Dans un billet de blog, Google annonce une « nouvelle couche de sécurité pour les appareils Android certifiés » Play Protect : la vérification par les développeurs. Déjà en place sur Google Play depuis 2023, elle sera nécessaire pour le sideloading (téléchargement direct d’APK, boutiques alternatives) à partir de l’année prochaine.

Un accès anticipé sera mis en place à partir d’octobre de cette année pour tester (sur invitation) la vérification, avant de s’ouvrir à tous les développeurs en mars 2026. Cela passera par une nouvelle console pour les développeurs, avec deux étapes : vérification de l’identité (nom, adresse, email et téléphone) et enregistrement de vos applications.

À partir de septembre 2026, au Brésil, en Indonésie, à Singapour et en Thaïlande, toutes les applications installées sur un terminal Android certifié devront provenir de développeurs vérifiés.

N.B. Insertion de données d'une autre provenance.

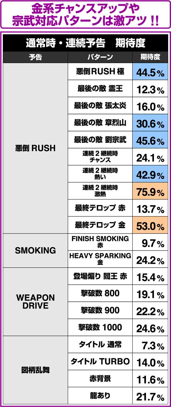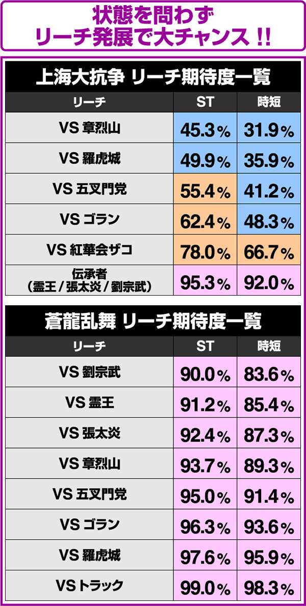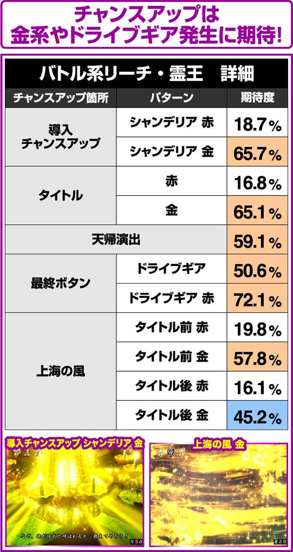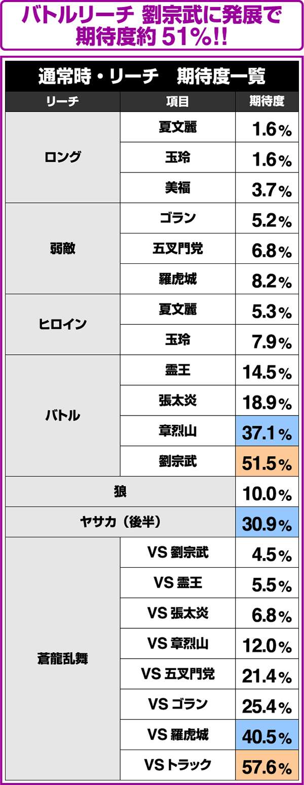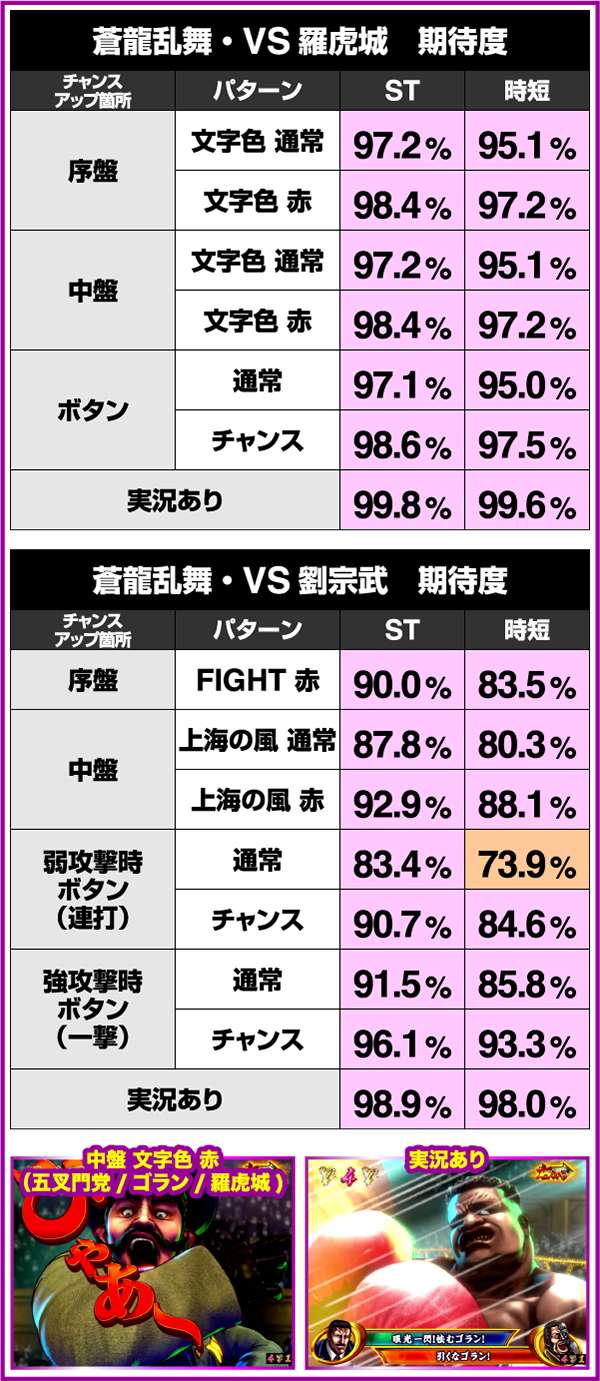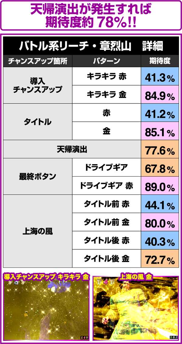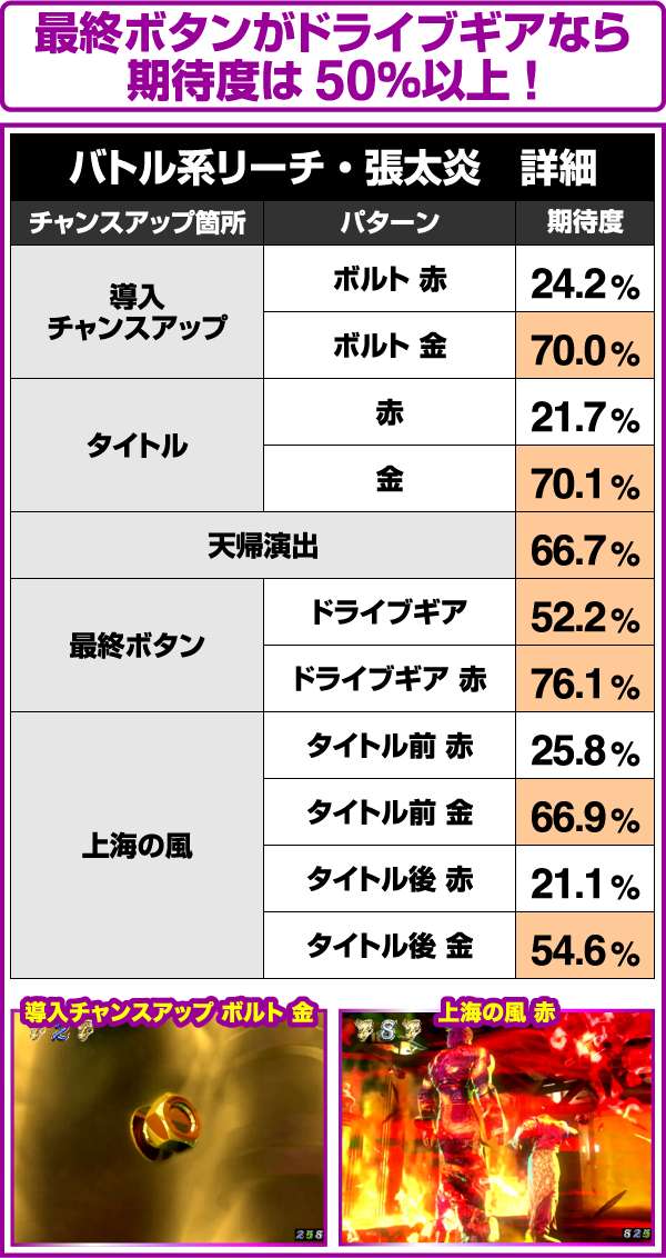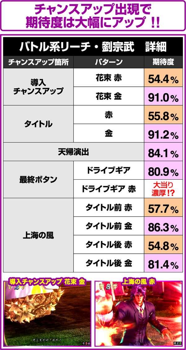 vs劉宗武は別格の信頼度で、その他のバトルリーチに関してはタイトル色や、最終ドライブギアのチャンスアップ発生に期待。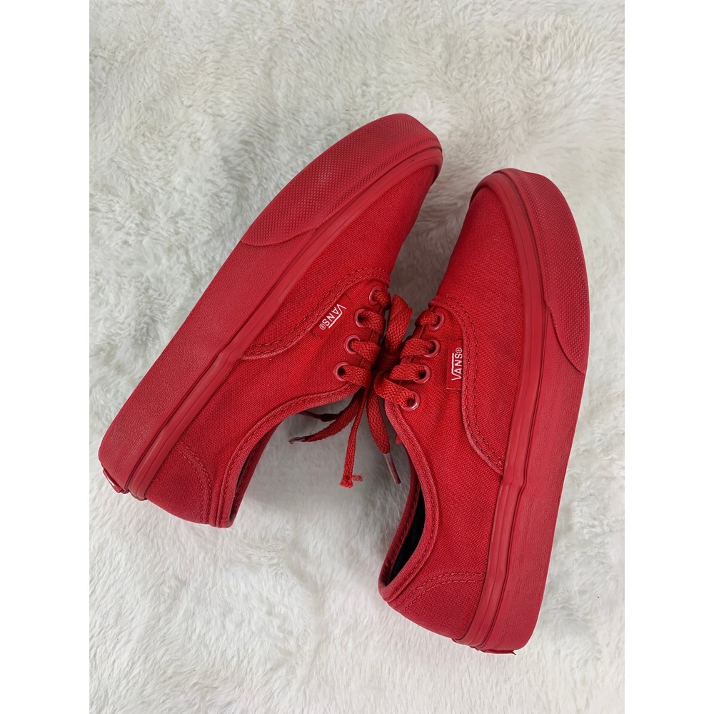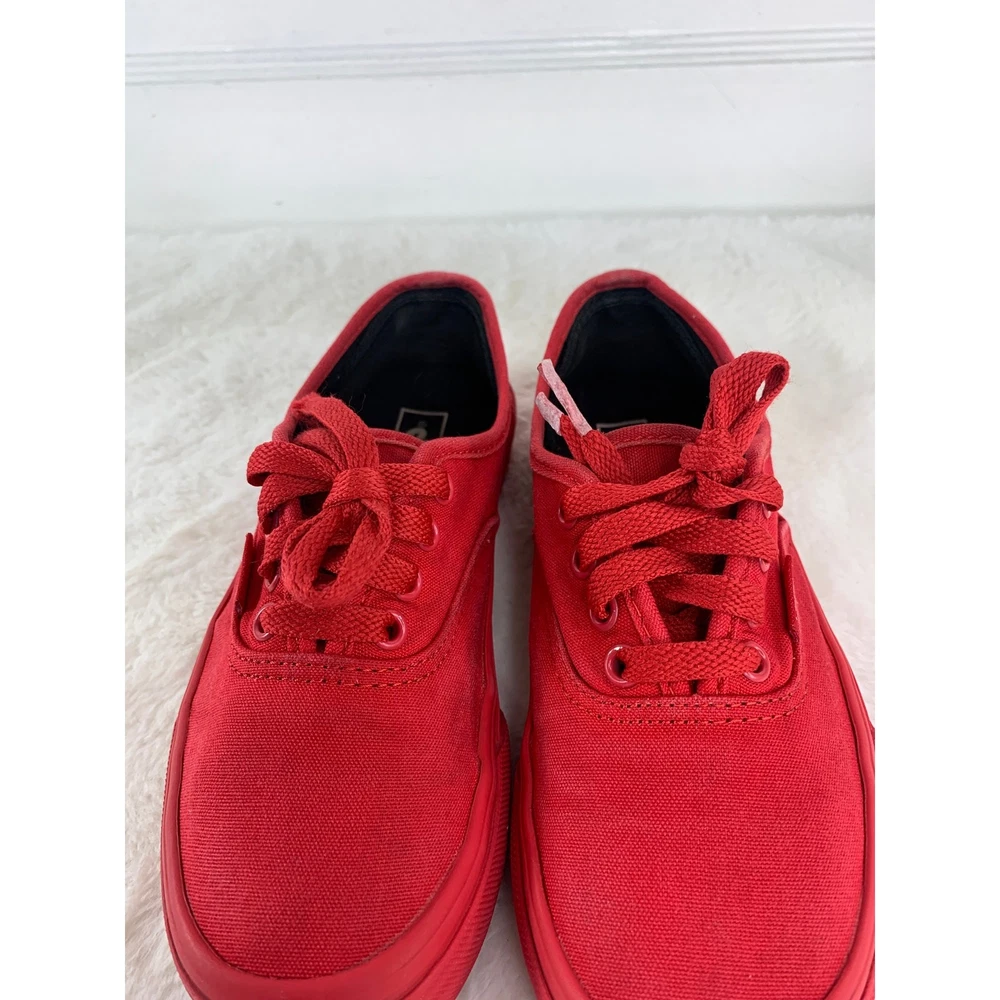 Vans classic low-top skate shoes for kids in vibrant red canvas, size 2. Durable with a rubber waffle sole for grip and comfort, perfect for everyday wear and skating. These are USED with some light wear visible; please see photos for condition details. Refer to all photos for the most accurate representation of the item’s condition.

Le déploiement de cette fonctionnalité continuera au niveau mondial en 2027. Pour les développeurs étudiants et amateurs, Google proposera une autre Developer Console adaptée à leurs besoins, sans plus de détails pour l’instant.

« Nous avons vu comment des acteurs malveillants se cachent derrière l’anonymat pour nuire aux utilisateurs […] L’ampleur de cette menace est importante : notre analyse récente a révélé plus de 50 fois plus de malwares provenant de sources sur Internet que des applications sur Google Play », explique le géant du Net pour justifier son changement de politique.

Enfin, Google termine par une pique à Apple, qui est vent debout contre l’ouverture, forcée par l’Europe, de son App Store : « Pour être clair, les développeurs garderont la même liberté de distribuer leurs applications directement aux utilisateurs par sideloading ou d’utiliser la boutique de leur choix. Nous pensons que c’est ainsi qu’un système ouvert devrait fonctionner – préserver le choix tout en améliorant la sécurité. Android continue de montrer qu’avec la bonne conception et les bons principes de sécurité, l’ouverture et la sécurité peuvent aller de pair ».

Ces belles annonces sur l’ouverture n’empêchent pas Google d’abuser de sa position sur la distribution des applications, comme l’a récemment confirmé la justice étasunienne, obligeant Google à modifier les règles de son Store.

Le 26 août à 08h00

Commentaires (34)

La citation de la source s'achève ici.